TASK ITEM: Take every line from the material that has the word "Abdullah" in it.

SOURCE RECORDS:
^^^^^^^^^^^^^^^^

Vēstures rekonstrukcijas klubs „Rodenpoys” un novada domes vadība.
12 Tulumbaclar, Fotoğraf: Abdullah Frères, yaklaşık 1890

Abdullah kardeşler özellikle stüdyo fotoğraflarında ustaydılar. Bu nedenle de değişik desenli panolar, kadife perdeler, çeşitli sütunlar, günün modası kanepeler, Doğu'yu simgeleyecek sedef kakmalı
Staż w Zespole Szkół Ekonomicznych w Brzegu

^^^^^^^^^^^^^^^^

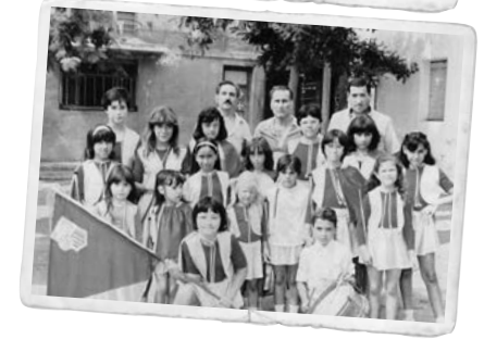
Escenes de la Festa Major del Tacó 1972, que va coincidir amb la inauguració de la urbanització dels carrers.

^^^^^^^^^^^^^^^^

PROBLEM SOLUTION:
12 Tulumbaclar, Fotoğraf: Abdullah Frères, yaklaşık 1890
Abdullah kardeşler özellikle stüdyo fotoğraflarında ustaydılar. Bu nedenle de değişik desenli panolar, kadife perdeler, çeşitli sütunlar, günün modası kanepeler, Doğu'yu simgeleyecek sedef kakmalı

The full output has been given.